Working data

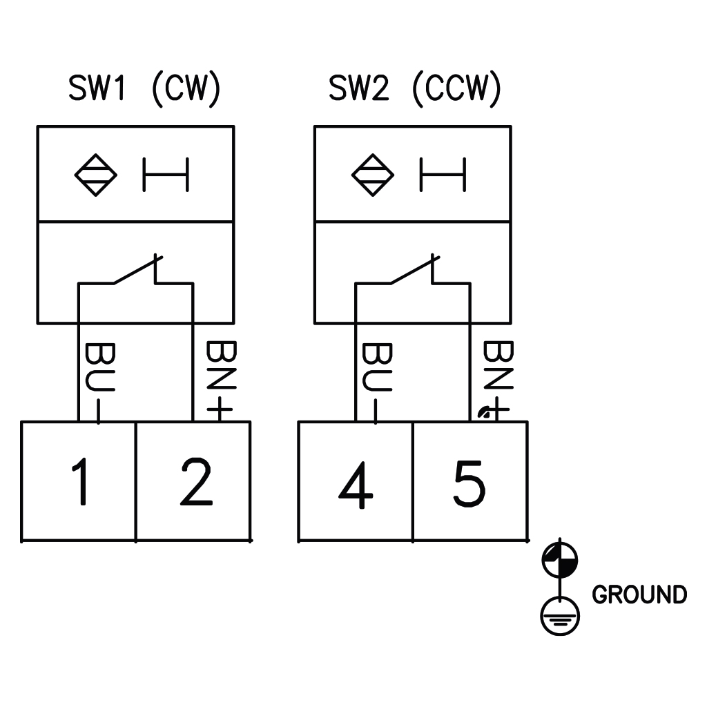 - สามารถติดตั้งสวิตช์จำกัดตำแหน่งได้ 2 ตัว ทั้งแบบกลไก “SPDT” หรือแบบระยะใกล้
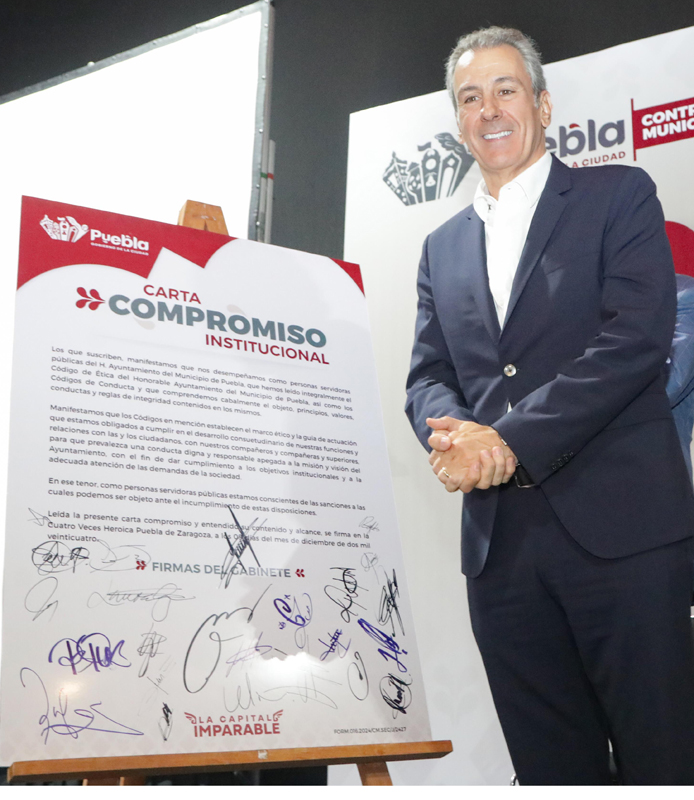 Las y los funcionarios del Gobierno de la Ciudad así como regidoras y regidores firmaron una carta compromiso institucional en la que afirman que cumplirán Código de Ética del Ayuntamiento de Puebla, así como los Códigos de Conducta y que comprenden cabalmente el objeto, principios, valores, conductas y reglas de integridad contenidos en los mismos.
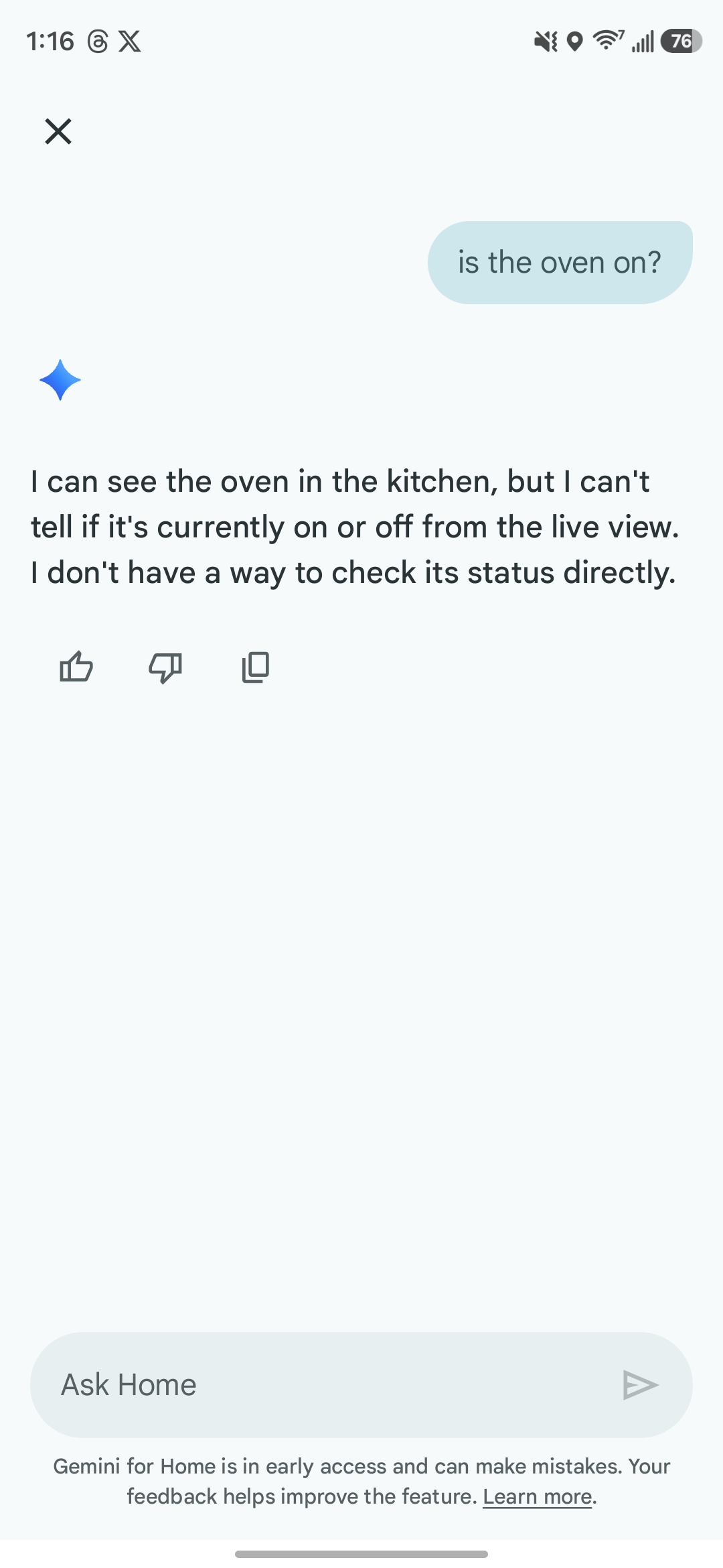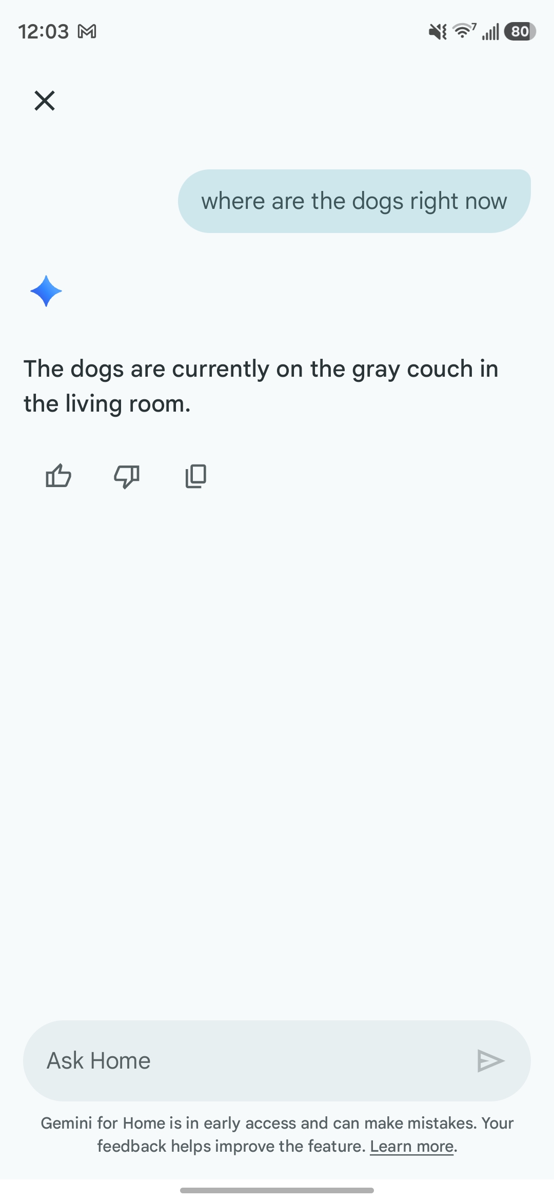 I tested this by asking “Where are the dogs right now?” to which it correctly answered that they were in the living room on the couch – though, notably, only one of the two dogs was on the couch, with the other elsewhere in the room. Another test that came to mind was “Is the oven on?” Gemini responded to this by saying it couldn’t check based on the camera view alone, which is absolutely the correct response. In some other test queries such as “Is there anyone outside my house?,” Gemini also pulled up relevant clips from the past couple of hours on top of reporting the current conditions.
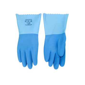 Latex handschoen met voering in 100% katoen. De elasticiteit garandeert een uitstekende pasvorm en draagcomfort. Lengte: 30 cm. Uitstekende greep op droge en natte voorwerpen. Deze handschoen biedt bescherming tegen diverse chemicaliën en is perfect vloeistofdicht.
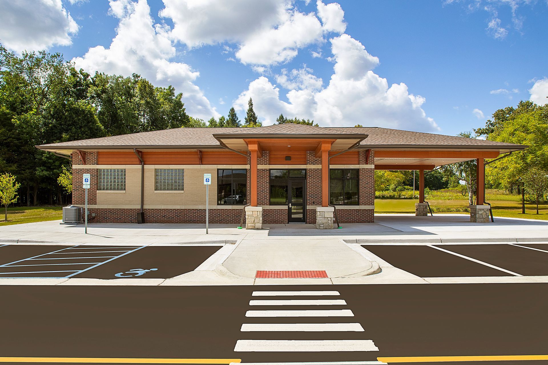 The Parks & Recreation component includes a trailhead building for Legacy Park, providing public restrooms and water access that support both daily park users and community events. The public safety lobby also incorporates a medication drop-off, offering residents a safe and convenient service point.
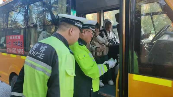 行動中,民警逐車核查校車手續(xù)是否齊全,車輛技術狀態(tài)是否符合安全運行條件,以及車輛維護保養(yǎng)等情況。重點檢查了車輛座位數(shù)、核載人數(shù)、駕駛?cè)速Y質(zhì)、校車外觀標識、安全錘、安全帶、滅火器、安全門等,并叮囑駕駛?cè)艘斏黢{駛,時刻把安全放在第一位。
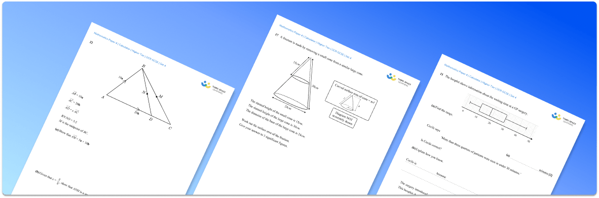 This 2025 practice paper pack for students following the OCR exam board, contains 3 higher practice papers (Paper 4 Calculator, Paper 5 Non-Calculator and Paper 6 Calculator).
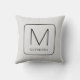 Simple Gray and Black Modern Monogram Throw Pillow.
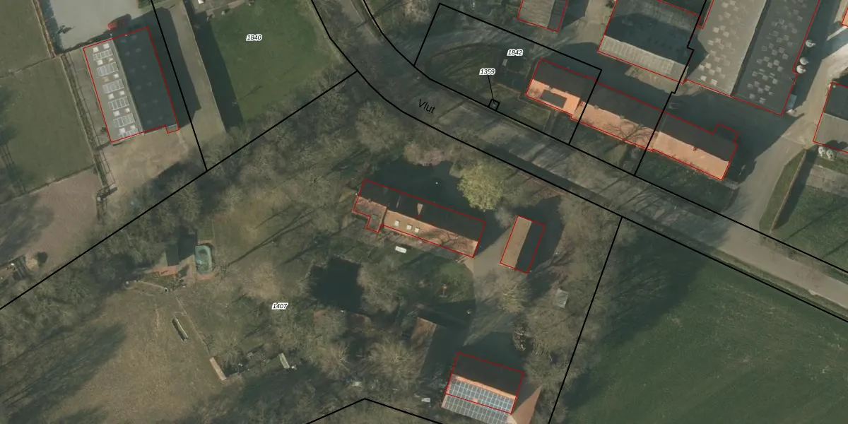 Het perceel waarop Vlut 2 staat heeft een oppervlakte van 9765 m². Dit is een zeer groot perceel. De perceeloppervlakte wordt geregistreerd door het Kadaster. Gedetailleerde informatie over de maten van dit perceel kunt u vinden in het rapport Kadastrale kaart met maatvoering van Vlut 2.
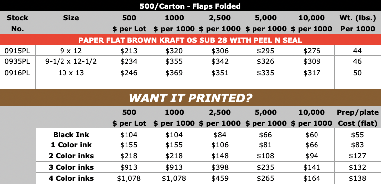 Paper Flat Brown Kraft Peel n Seal (open on the long dimension)

Task to complete
Look back over the records above. Reproduce exactly everything from the line with "Las y los funcionarios" down to the line with "行動中,民警逐車核查校車手續", inclusive, and leave the pictures out.

Problem solution
 Las y los funcionarios del Gobierno de la Ciudad así como regidoras y regidores firmaron una carta compromiso institucional en la que afirman que cumplirán Código de Ética del Ayuntamiento de Puebla, así como los Códigos de Conducta y que comprenden cabalmente el objeto, principios, valores, conductas y reglas de integridad contenidos en los mismos.
 I tested this by asking “Where are the dogs right now?” to which it correctly answered that they were in the living room on the couch – though, notably, only one of the two dogs was on the couch, with the other elsewhere in the room. Another test that came to mind was “Is the oven on?” Gemini responded to this by saying it couldn’t check based on the camera view alone, which is absolutely the correct response. In some other test queries such as “Is there anyone outside my house?,” Gemini also pulled up relevant clips from the past couple of hours on top of reporting the current conditions.
 Latex handschoen met voering in 100% katoen. De elasticiteit garandeert een uitstekende pasvorm en draagcomfort. Lengte: 30 cm. Uitstekende greep op droge en natte voorwerpen. Deze handschoen biedt bescherming tegen diverse chemicaliën en is perfect vloeistofdicht.
 The Parks & Recreation component includes a trailhead building for Legacy Park, providing public restrooms and water access that support both daily park users and community events. The public safety lobby also incorporates a medication drop-off, offering residents a safe and convenient service point.
 行動中,民警逐車核查校車手續(xù)是否齊全,車輛技術狀態(tài)是否符合安全運行條件,以及車輛維護保養(yǎng)等情況。重點檢查了車輛座位數(shù)、核載人數(shù)、駕駛?cè)速Y質(zhì)、校車外觀標識、安全錘、安全帶、滅火器、安全門等,并叮囑駕駛?cè)艘斏黢{駛,時刻把安全放在第一位。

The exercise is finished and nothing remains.